Each POST merges with existing configuration — it does not overwrite other providers. Setting OpenAI, then Anthropic, then Bedrock results in all three being configured.
Get Credential Status
GET /api/v1/provider-credentials
Authorization: Bearer aira_live_xxxxxReturns the current credential status for your organization — which providers are configured and their type, without revealing any secrets.
Response (200 OK)
{
"providers": [
{
"slug": "openai",
"type": "api_key",
"configured": true
},
{
"slug": "bedrock",
"type": "aws",
"configured": true,
"region": "us-east-1"
},
{
"slug": "azure",
"type": "azure",
"configured": true,
"endpoint": "https://your-resource.openai.azure.com"
},
{
"slug": "vertex",
"type": "vertex",
"configured": true,
"region": "us-central1"
}
],
"request_id": "req_..."
}Response Fields (ProviderStatusItem)
| Field | Type | Description |
|---|---|---|
slug | string | Provider identifier (openai, anthropic, google, bedrock, azure, vertex) |
type | string | Credential type (api_key, aws, azure, vertex) |
configured | boolean | Whether credentials are set for this provider |
region | string|null | Region (for bedrock and vertex) |
endpoint | string|null | Endpoint URL (for azure) |
Delete Credentials
DELETE /api/v1/provider-credentials?provider=xxx
Authorization: Bearer aira_live_xxxxxRemoves credentials for the specified provider.
Example
curl -X DELETE "https://api.airaproof.com/api/v1/provider-credentials?provider=openai" \
-H "Authorization: Bearer aira_live_xxxxx"Response (200 OK)
{
"message": "Credentials removed for openai",
"request_id": "req_..."
}How It Works
- Credentials are organization-level, not per-API-key — all API keys in your org share the same provider credentials
- Each
POSTmerges new providers with existing config — other providers are preserved - When running cases, Aira checks org credentials first, then falls back to platform-managed keys (cloud mode only)

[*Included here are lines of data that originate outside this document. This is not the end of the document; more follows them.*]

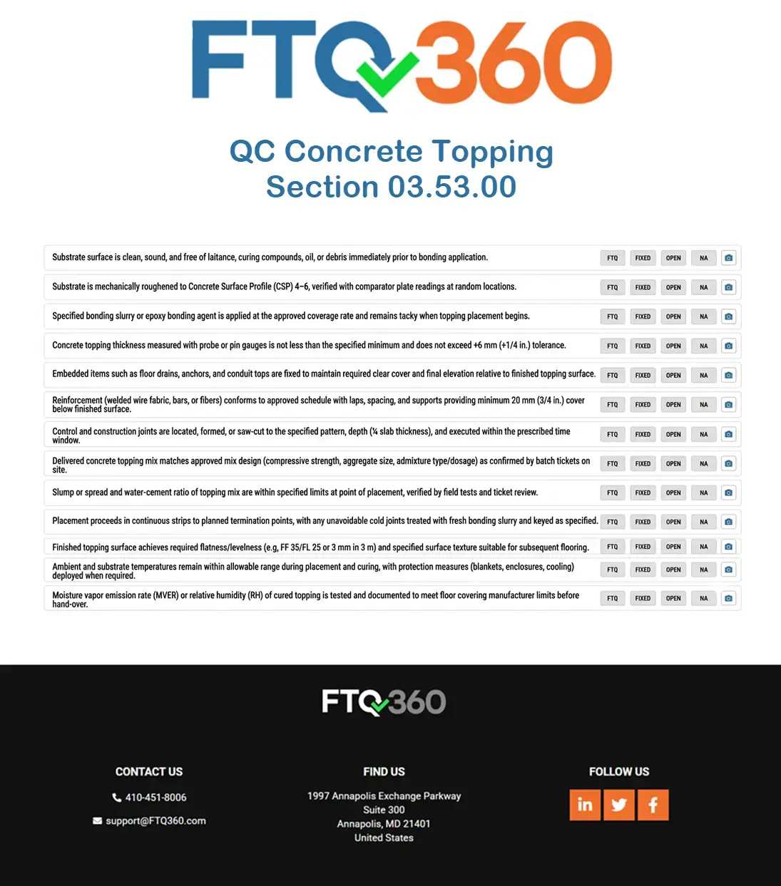 FTQ360 ties thickness checks, CSP photos, moisture tests, placement timing, and curing logs to each placement zone, creating a defensible record of topping quality.
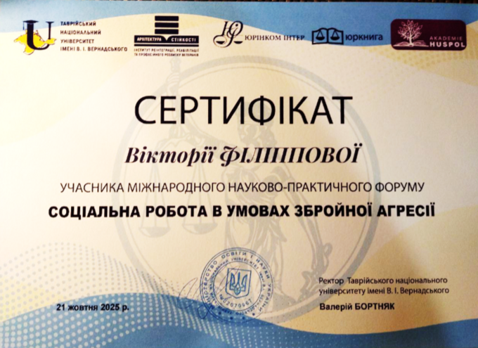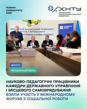 21 жовтня 2025 року Науково-педагогічні працівники кафедри державного управління і місцевого самоврядування ХНТУ на чолі із завідувачем кафедри, д. держ. упр., професором Вікторією ФІЛІППОВОЮ взяли участь у Міжнародному науково-практичному форумі «Соціальна робота в умовах збройної агресії».
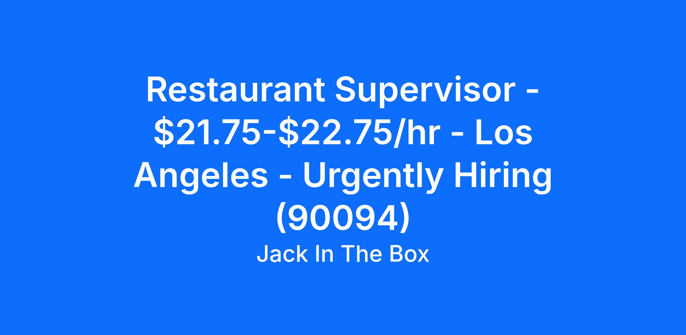 Restaurant Supervisor - $21.75-$22.75/hr - Los Angeles - Urgently Hiring (90094)

- Credentials are encrypted at rest and never returned in responses
- This is transparent to the case API — request and response shapes are identical regardless of credential source
Self-Hosted Deployments
In self-hosted mode (DEPLOYMENT_MODE=selfhosted), provider credentials must be configured for all providers you want to use — there are no platform-managed keys. The dashboard reflects this by showing "Not configured" instead of "Managed by Aira" for unconfigured providers.